DATA:
:::::
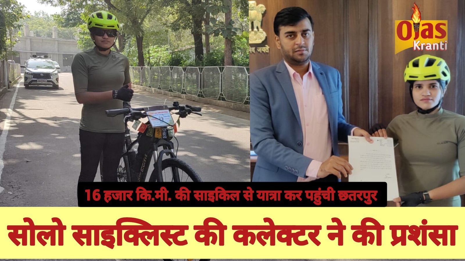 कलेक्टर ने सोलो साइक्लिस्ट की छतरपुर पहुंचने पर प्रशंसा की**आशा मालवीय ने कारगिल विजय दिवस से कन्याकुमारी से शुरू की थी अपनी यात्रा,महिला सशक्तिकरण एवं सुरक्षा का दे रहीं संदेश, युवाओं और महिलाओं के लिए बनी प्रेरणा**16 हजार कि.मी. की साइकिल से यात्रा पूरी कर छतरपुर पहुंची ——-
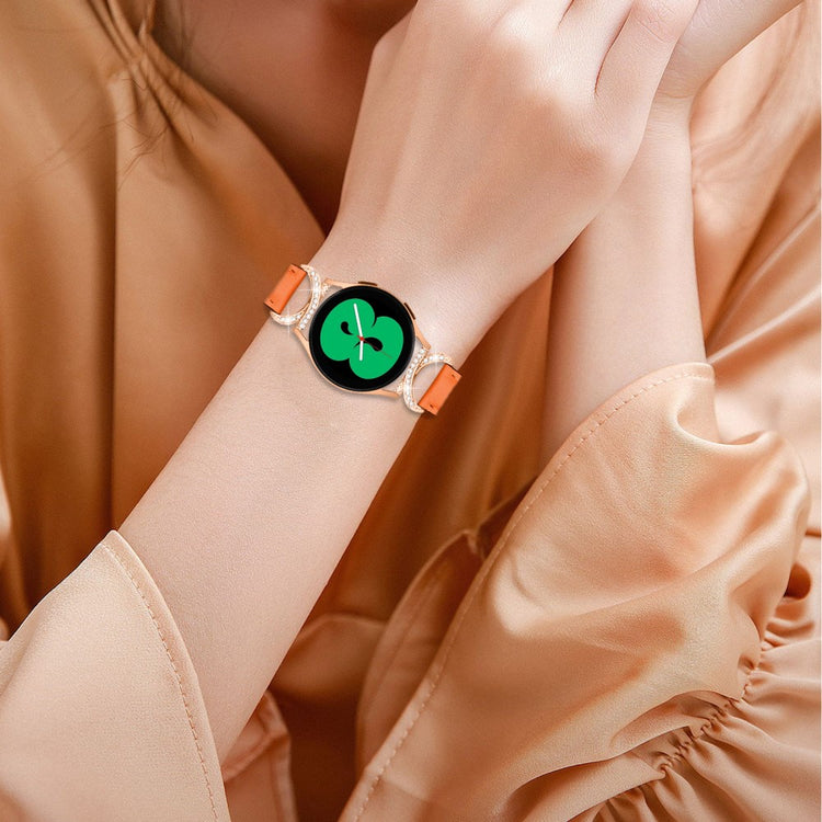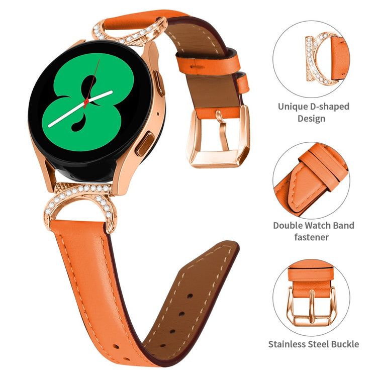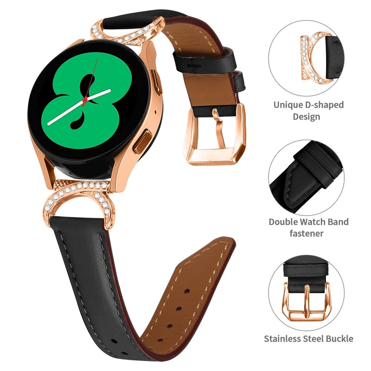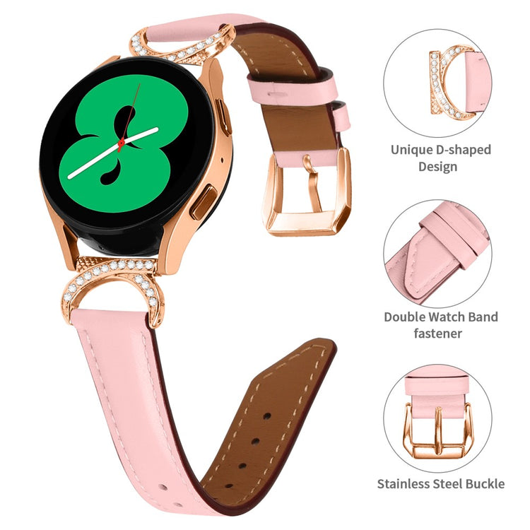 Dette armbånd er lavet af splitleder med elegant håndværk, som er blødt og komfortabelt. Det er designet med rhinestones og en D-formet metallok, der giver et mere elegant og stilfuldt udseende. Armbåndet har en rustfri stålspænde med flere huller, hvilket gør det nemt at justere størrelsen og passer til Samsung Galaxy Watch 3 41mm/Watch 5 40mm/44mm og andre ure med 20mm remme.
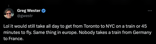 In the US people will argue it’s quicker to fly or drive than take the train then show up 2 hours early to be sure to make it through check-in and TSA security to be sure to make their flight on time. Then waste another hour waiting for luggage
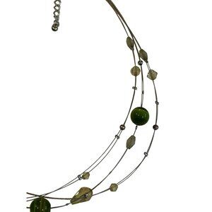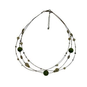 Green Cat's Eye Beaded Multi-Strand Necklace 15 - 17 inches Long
:::::
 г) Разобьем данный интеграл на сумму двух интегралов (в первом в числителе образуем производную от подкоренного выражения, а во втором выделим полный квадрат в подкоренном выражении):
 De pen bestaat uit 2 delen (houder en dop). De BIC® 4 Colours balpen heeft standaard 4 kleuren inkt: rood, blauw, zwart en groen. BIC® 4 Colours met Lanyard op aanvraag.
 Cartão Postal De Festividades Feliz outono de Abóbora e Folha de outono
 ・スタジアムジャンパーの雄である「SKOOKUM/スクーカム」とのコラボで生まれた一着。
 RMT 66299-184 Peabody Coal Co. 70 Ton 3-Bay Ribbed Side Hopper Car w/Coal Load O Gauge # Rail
:::::
TASK BRIEF: Could you write out, exactly as they stand, only the lines above that begin at the line with "De pen bestaat" and stop after the line with "RMT 66299-184 Peabody"?

REPLY TO THE EXERCISE:
 De pen bestaat uit 2 delen (houder en dop). De BIC® 4 Colours balpen heeft standaard 4 kleuren inkt: rood, blauw, zwart en groen. BIC® 4 Colours met Lanyard op aanvraag.
 Cartão Postal De Festividades Feliz outono de Abóbora e Folha de outono
 ・スタジアムジャンパーの雄である「SKOOKUM/スクーカム」とのコラボで生まれた一着。
 RMT 66299-184 Peabody Coal Co. 70 Ton 3-Bay Ribbed Side Hopper Car w/Coal Load O Gauge # Rail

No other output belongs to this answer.